Mylène Farmer est-elle la Madone française, comme le disent depuis des années les fans de cette artiste fascinante ? Eh bien, en termes d’impact culturel sur la musique pop dans ce pays du milieu des années 80 à nos jours, sans aucun doute. Ou en termes de sa capacité à remplir les stades de spectacles sophistiqués (un demi-million de billets vendus le dernier mois de sa nouvelle tournée imminente des ormodromes en France, en Belgique et en Suisse). Musicalement, cependant, les choses ne sont pas si simples : plus que Ciccone, c’est comme un croisement impossible entre les Pet Shop Boys, le drame vocal baroque d’une Kate Bush (ou d’un Michel Polnareff) et la poésie romantique et la provocation. Auteur Europop.

En France, chaque nouvelle sortie de disque de Farmer est vécue comme un événement qui fait la une des journaux et des actualités. Il n’en a pas été autrement avec ‘L’Emprise’, qui est sa première nouveauté depuis 2018.
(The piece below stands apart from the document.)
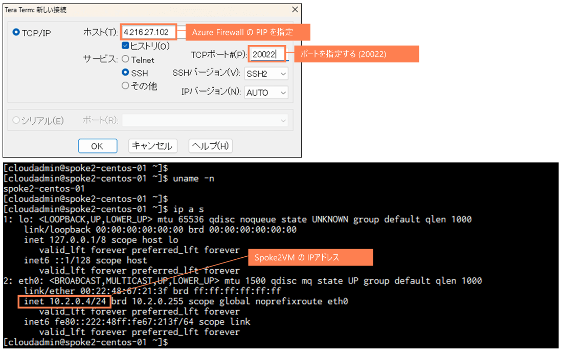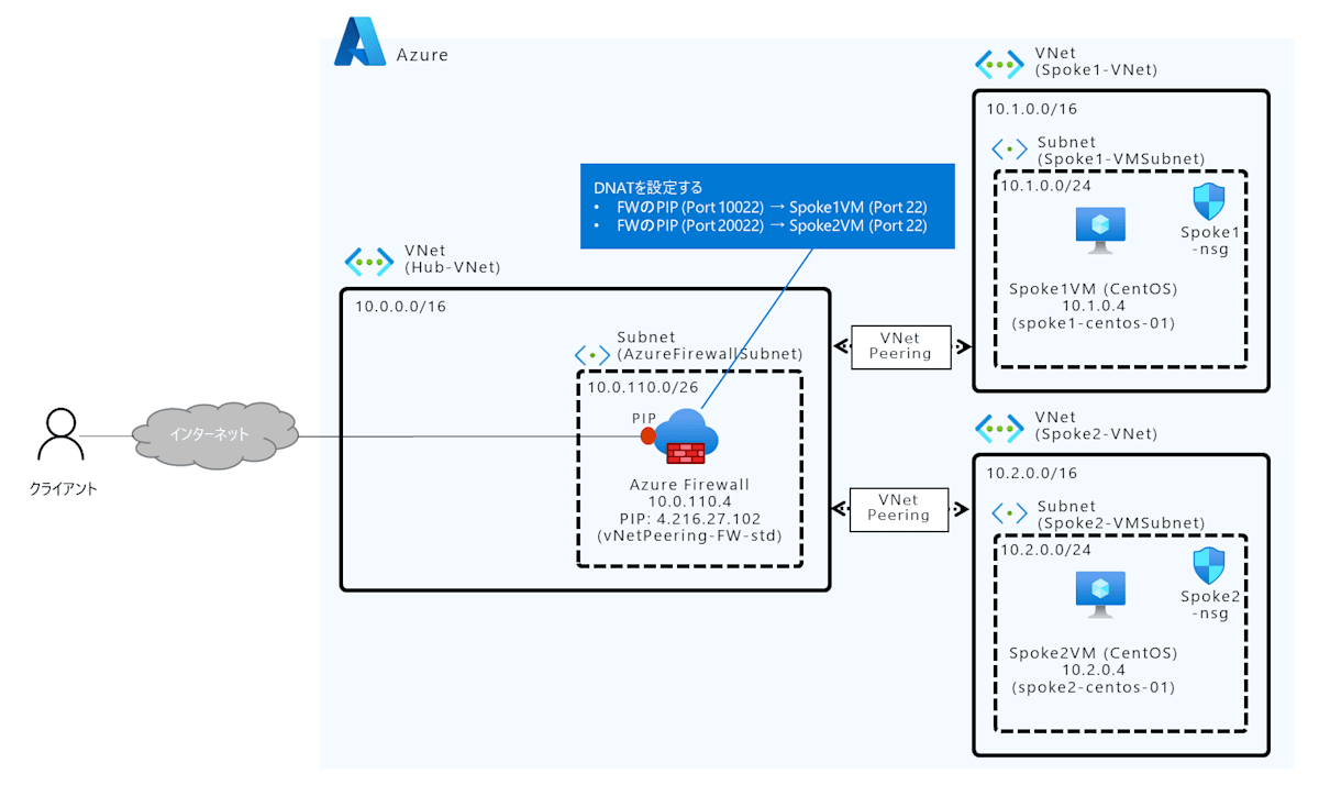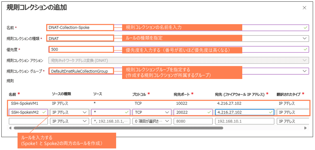 SSH-SpokeVM2 | IPアドレス | * | TCP | 20022 | 4.216.27.102 | IPアドレス | 10.2.0.4 | 22 |

« Emprise » est un mot français qui décrit une relation dans laquelle une personne exerce une domination physique ou un contrôle psychologique sur l’autre. C’est pourquoi cet album a été présenté dans un contexte post #metoo (il est sorti le 25 novembre, Journée internationale pour l’élimination de la violence faite aux femmes) bien qu’il soit juste de souligner que Mylène a déjà chanté sur les relations toxiques, pour ne pas mentionner directement qu’il est l’une des plus grandes icônes françaises de l’expression de la liberté, de l’être unx sur le plan vital, moral et sexuel. Des hymnes comme ‘Libertine’ ou ‘Sans contrefaçon’ chantaient déjà dans les années 80 à l’individualité ou à l’ambiguïté de genre, ce dont elle était totalement pionnière. C’est pourquoi il est si agréable de savoir comment est née la création de ce nouvel album, né de son alliance avec un jeune musicien électropop français nommé Woodkid, qui a récemment déclaré: « Mylène est une figure sacrée, une image presque divine. Et en tant que gay de province, c’est quelqu’un qui m’a beaucoup accompagné et aidé dans mes conflits internes. Faire ce disque était presque quelque chose que je lui devais. »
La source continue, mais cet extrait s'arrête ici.